2. Reforming the Right to Work framework

  • MGNREGA to be expanded and retooled into a public works programme, to build hospitals, clinics, rural roads and other infrastructure. 
  • One possible way is by integrating MGNREGA with the Pradhan Mantri Gram Sadak Yojana and the roads and bridges programme. 
  • These three programmes together have a budget of nearly ₹1.5 lakh crore. 
  • This must be doubled to ₹3 lakh crore so as to serve as a true ‘Right to Work’ scheme for every Indian.

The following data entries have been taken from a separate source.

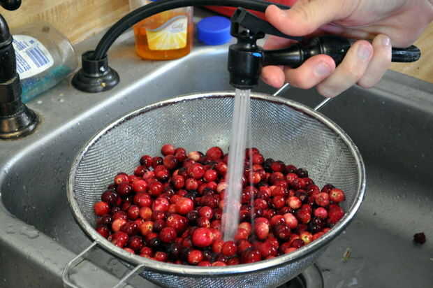 Antes de que podamos llegar a captar la esencia de arándanos debemos lavar los arándanos y naranjas.  Así que lave las naranjas y los arándanos de la descarga en el colador para darles una buena manguera.
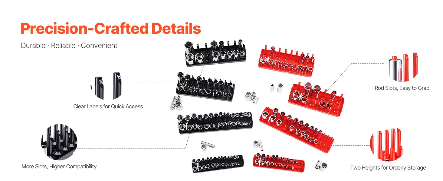 This socket holder is meticulously designed for comfort, convenience, and quality, every aspect—whether accessing or storing tools—reflects careful craftsmanship.
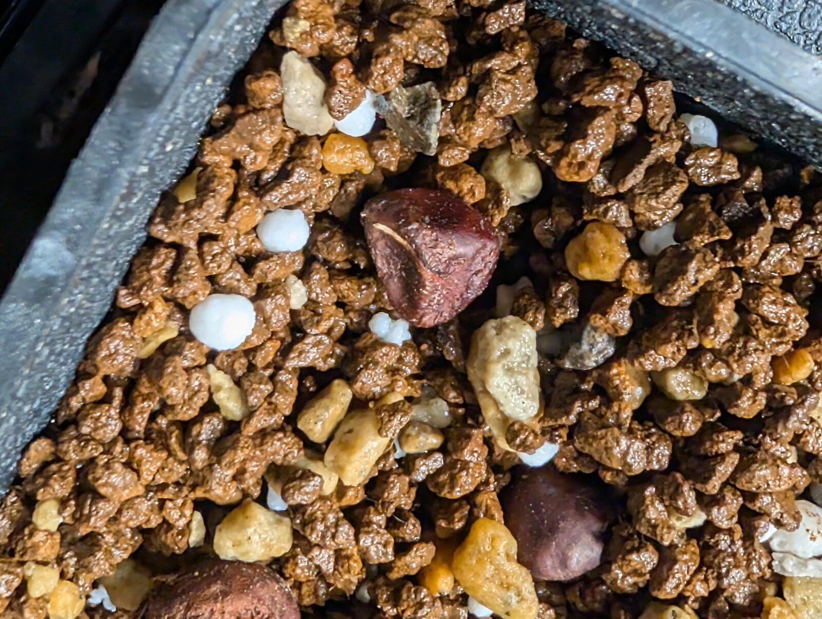 • よく排水する培地:例)硬質赤玉小粒 6〜7 + 川砂/パーライト 3〜4。
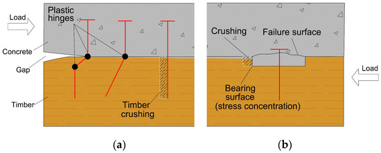 The models used for calculating the strength of TCC connections generally come from the Johansen or European Yield Theory for timber-to-timber or timber-to-steel connections [43], as no specific model for the strength of TCC connections has been introduced. The primary approaches adopted for the strength models generally assume that concrete behaves as a completely rigid component while also considering different failure modes in both the timber and the fasteners [10,44]. Kavaliauskas et al. [45] extended Johansen’s Yield Model, considering failure modes in wood and screws while assuming the screw in concrete to be rigid. Although the model aligned with experimental results, the failure modes differed, likely due to limited fastener ductility and the influence of screw inclination on timber strength. In the case of using LWAC with a smaller modulus of elasticity, Appavuravther et al. [27] recommended considering concrete failure as well.
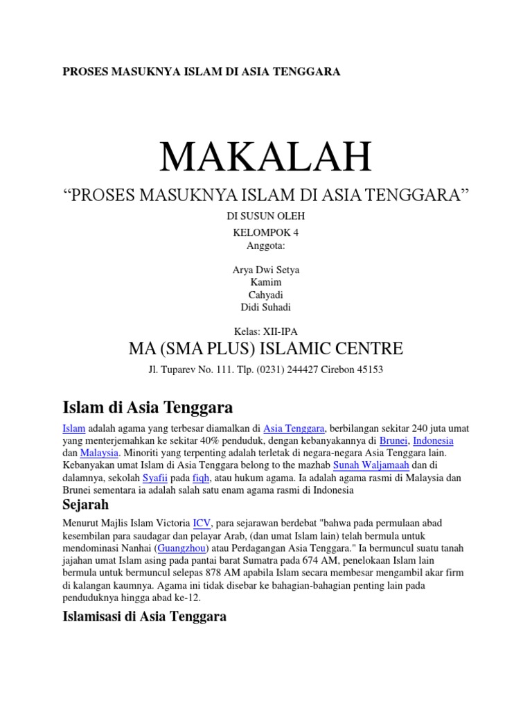 Doc Makalah Peradaban Islam Di Asia Tenggara Salis Masruhin Academia Edu
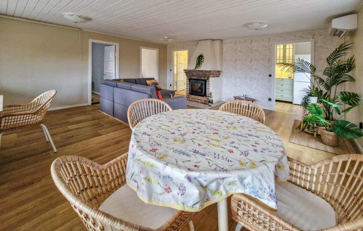 Two-Bedroom Holiday Home. Guests will have a special experience as the holiday home features a fireplace. Featuring a private entrance, this air-conditioned holiday home consists of 1 living room, 2 separate bedrooms and 1 bathroom with a shower. Guests will find a stovetop, a refrigerator, kitchenware and an oven in the kitchen. The holiday home also offers a barbecue. The holiday home provides a washing machine, a tea and coffee maker, a dining area, as well as outdoor furniture. The unit offers 4 beds and 2 futons.
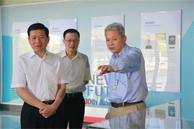 在長飛公司展廳,王祥喜一行首先聽取了閆長鹍對企業近年來發展情況的匯報,了解了長飛沿著國家“一帶一路”倡議路線積極在海內外布局的國際化發展戰略、以及公司主要產品的創新發展成果和自主研發情況。隨后,王祥喜一行專程來到運營指揮中心和光纖生產車間,參觀了解長飛在大力推進生產自動化、信息化、智能化發展,推動企業戰略布局和技術創新能力提升等方面所做的主要工作,認真察看由長飛自主研發制造的高端生產設備和光纖生產的整個流程,詳細了解兩化深度融合給企業在生產管理、產品質量等方面帶來的積極改變。

3. Provision of Foodgrains

  • The Food Corporation of India is currently overflowing with excess rice, wheat and unmilled paddy stocks 
  • This excess stock can be used to provide 10kg rice and wheat to every Indian family, free of cost, through the Public Distribution System.

4. Expansion of COVID testing Infrastructure:

  • COVID-19 testing, treatment, medical equipment and supplies capacity to be expanded through the private sector and be reimbursed directly for patient care
  • This will need a budget of ₹1.5- lakh crore 
  • This will help create a large number of jobs in the private health-care sector, with trickle-down benefits.

In sum, the total incremental expenditure for the recovery package will be between ₹5-lakh crore to ₹6-lakh crore for FY2021.

The package can be funded largely thorough three sources — 

  • Reallocation of some of the budgeted capital expenditure, 
  • Expenditure rationalisation
  • Utilizing the oil bonanza.

Conclusion

It is time for India to think big, bold and radical to pull the economy out of this crisis.